In [1]:
import pandas as pd
from urllib import request
import os
from elasticsearch import Elasticsearch,helpers
import json
from tqdm import tqdm
import pystache

### Download example data

In [2]:
# Directory
data_dir = 'data'
file_name='product_data.csv'
if not os.path.isdir(data_dir):
    os.mkdir(data_dir)
# Define the remote file to retrieve
remote_data_url = 'https://semantic-elasticsearch-search.s3.ap-southeast-2.amazonaws.com/demo-data/product_data.csv'
# Define the local filename to save data
data_path = os.path.join(data_dir,file_name)
# Make http request for remote file data
request.urlretrieve(remote_data_url , data_path)

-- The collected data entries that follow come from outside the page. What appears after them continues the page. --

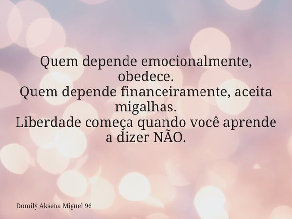 Quem depende emocionalmente, obedece. Quem depende financeiramente, aceita migalhas. Liberdade começa quando você aprende a dizer NÃO.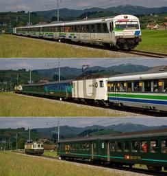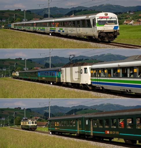 | Keywords: Ungekuppelter Schubdienst SOB.jpg en Uncoupled BDe 4/4 electric multiple unit pushing and separating from the Voralpenexpress on the incline between Biberbrugg and Altmatt The Voralpenexpress normally only consists of the first five coaches and the white Re 456 locomotive; the three green coaches are supplemental coaches which make the train to heavy to be hauled by the Re 456 alone in the 5 grade de Ein ungekuppelter BDe 4/4-Triebwagen schiebt bzw trennt sich vom Voralpenexpress zwischen Biberbrugg und Altmatt Der Voralpenexpress besteht normalerweise nur aus den ersten fünf Waggons und der weissen Re 456; die drei günen Wagen sind Zusatzwagen die den Zug hier in 5 Steigung zu schwer machen als dass er von der Re 456 alleine befördert werden könnte own http //www bahnbilder ch/travelogue/49 Kabelleger / David Gubler http //www bahnbilder ch 2008-06-19 Rail vehicles of Südostbahn and predecessors Bahnbilder ch SLM Re 456 KTU BDe 4/4 Voralpen-Express Advertisements on locomotives of Switzerland |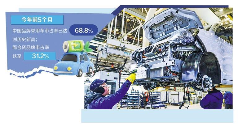 電動(dòng)化與智能化變革浪潮,不僅在加速汽車(chē)產(chǎn)品進(jìn)化,也在深刻重構市場(chǎng)競爭格局。中汽協(xié)數據顯示,今年前5個(gè)月,中國品牌乘用車(chē)市占率已達68.8%,創(chuàng )歷史新高;而合資品牌市占率跌至31.2%,創(chuàng )出新低。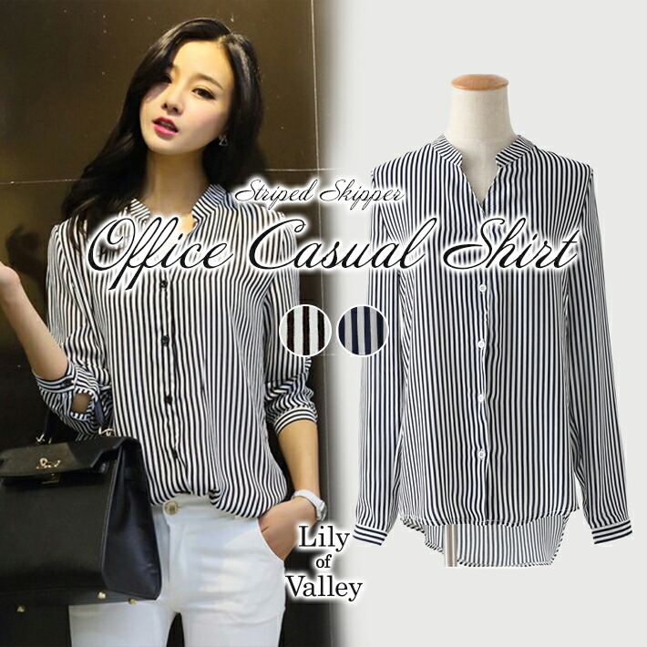 後ろに落とした襟抜きスタイルが今年らしい♪ デザイン ストライプ スキッパー ブラウス レディース トップス ボーダー Vネック ノーカラー カットソー ロング シャツ 清楚 春 夏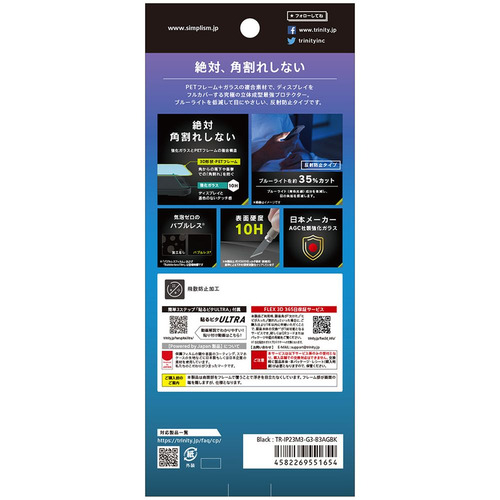 トリニティ TR-IP23M3-G3-B3AGBK iPhone 15 Pro / iPhone 14 Pro [FLEX 3D] 反射防止 黄色くないブルーライト低減 複合フレームガラス ブラック なし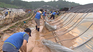 ÇϿ콺 ¾ÈÀ¸·Î ±â½ÀÇÑ ¹° ¶§¹®¿¡ ÇÑÇØ ³ó»ç¸¦ ¸ðµÎ ¸ÁÄ£ ³ó¹Îµé, Áý¾È±îÁö ¾µ¾î³»¸° Æø¿ì·Î ¿È¦´Þ½Ï ÇÒ ¼ö ¾ø°Ô µÈ »ç¶÷µé, ¿©±âÀú±â¼ ¼Õ±æÀ» ¸ð¾Æ ¾î·Á¿òÀ» °Ü¿ì ¸ð¸éÇßÁö¸¸, ¿ÏÀüÈ÷ º¹±¸µÉ ¶§±îÁö´Â ¾ÆÁ÷ µµ¿òÀÌ ¸¹ÀÌ ÇÊ¿äÇÑ »óȲÀÌ´Ù.

('data/product_data.csv', <http.client.HTTPMessage at 0x7fd649185358>)

In [3]:
product_data=pd.read_csv(data_path)

### Connect to Elasticsearch instance

In [4]:

es = Elasticsearch(
    ['localhost'],
    scheme="http",
    port=9200
)

## Create elasticsearch index
### loading mapping

In [5]:
index_mapping_file='index_mapping.json'
with open(index_mapping_file) as json_file:
    index_mapping = json.load(json_file)

In [6]:
index_mapping

{'settings': {'number_of_shards': 5,
  'number_of_replicas': 3,
  'index': {'similarity': {'default': {'type': 'BM25', 'b': 0.9, 'k1': 0.4}}}},
 'mappings': {'properties': {'ProductId': {'type': 'text'},
   'ProductName': {'type': 'text', 'search_analyzer': 'standard'},
   'Description': {'type': 'text', 'search_analyzer': 'standard'},
   'Brand': {'type': 'text', 'search_analyzer': 'standard'},
   'Price': {'type': 'float'},
   'Category': {'type': 'text', 'search_analyzer': 'standard'},
   'ProductUrl': {'type': 'keyword'}}}}

### create the index

In [7]:
print("creating 'example_index' index...")
index_name='product_search'
es.indices.create(index = index_name, body = index_mapping)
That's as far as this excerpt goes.